- Headline non-farm payroll (NFP) print – +165k
- Unemployment rate +4.8%
- Headline +287k
- Unemployment rate +4.9%
- Revisions -6k fewer jobs were added in April and May
- Average hourly earnings fall to +0.1% vs. +0.2% m/m – expected to climb as we approach full employment
U.S. employers ramped up hiring in June after a sluggish spring, signaling renewed momentum in the labor market that could quiet fears about a broader economic slowdown even as global market turbulence casts a shadow over the outlook.
Including June’s strong rebound, hiring in Q2 averaged +147k per month, down from +196k in Q1 and +229k in 2015.
The share of Americans with jobs or actively looking for work rose to +62.7% from +62.6% in May.
The average hourly earnings of private-sector employees climbed +2.6% in the year through June; it was last that high in December.
Next question – What’s the Fed going to do?
The wage data is a bit disappointing, but it continues to move in the right direction on a YoY basis.
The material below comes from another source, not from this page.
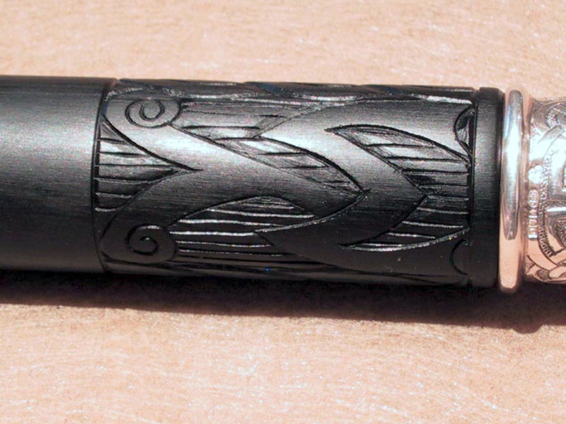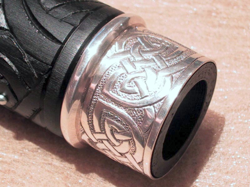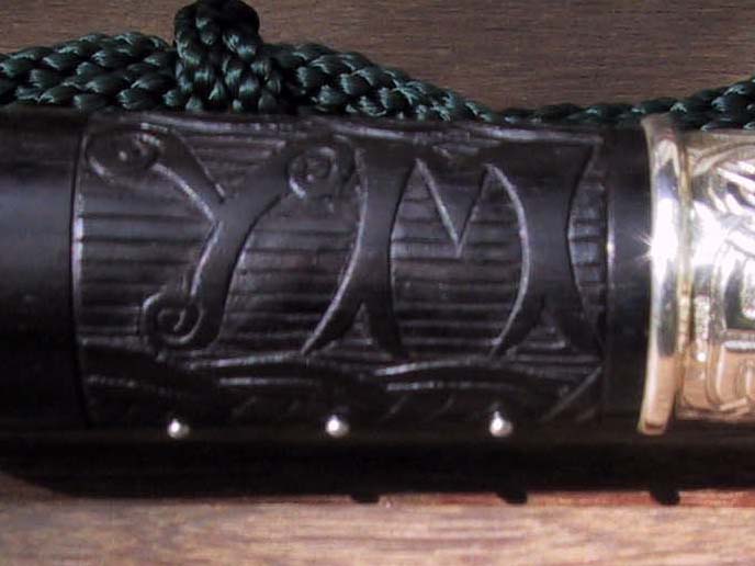 そして、何度見ても惚れ惚れしてしまうのですが、このシルバー Ferrule に施された Hand EngravingによるCeltic Knot と、アクセントとしてシルバーの鋲が打ち込まれた Hand Carving と Dirk Handle Designのとのコンビネーションは、Dunfion Bagpipes のカタログの中でも最高の組み合わせであると、個人的には強く確信しています。 ちなみに、世にパイプメーカー沢山有れど、Dunfion Bagpipes の Henry Murdo さんしかやらない、このブラックウッドへの手彫り彫刻という技ですが、自分自身でパイプ造りを楽しまれているという例の関西のAさんによると、「アフリカン・ブラック・ウッドというのは非常に堅い木だから旋盤で削るだけでも大変。まして、それに手で彫り込みを施すというのはちょっと普通じゃ考えられない。Henry さんの外にはそんなことをするヤツはおらへん。」と言っていました。そんな話を聞くと益々、Henry さんのこの丹念な仕事ぶりも、ついつい超高倍率のルーペで眺めてはつくづく感心してしまう毎日です。
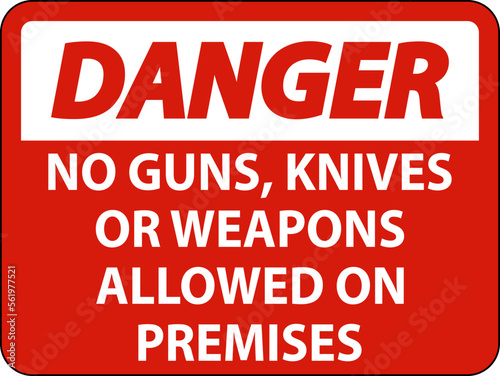 Danger Gun Rules Sign No Guns, Knives Or Weapons Allowed On Premises

Expect some fixed income dealers to begin talking about putting a Fed rate hike back on the table for this year (look to September and December), but in reality it is still too early to tell. Fed-funds futures, currently show that investors see a +24% likelihood of a rate increase by the Fed’s December meeting, compared with +19% before this morning’s report.
The Fed is going to need to see another few months of solid data and continued calm in financial markets before moving forward. The impact of Brexit on the U.S. economy will begin to come into focus over the coming months.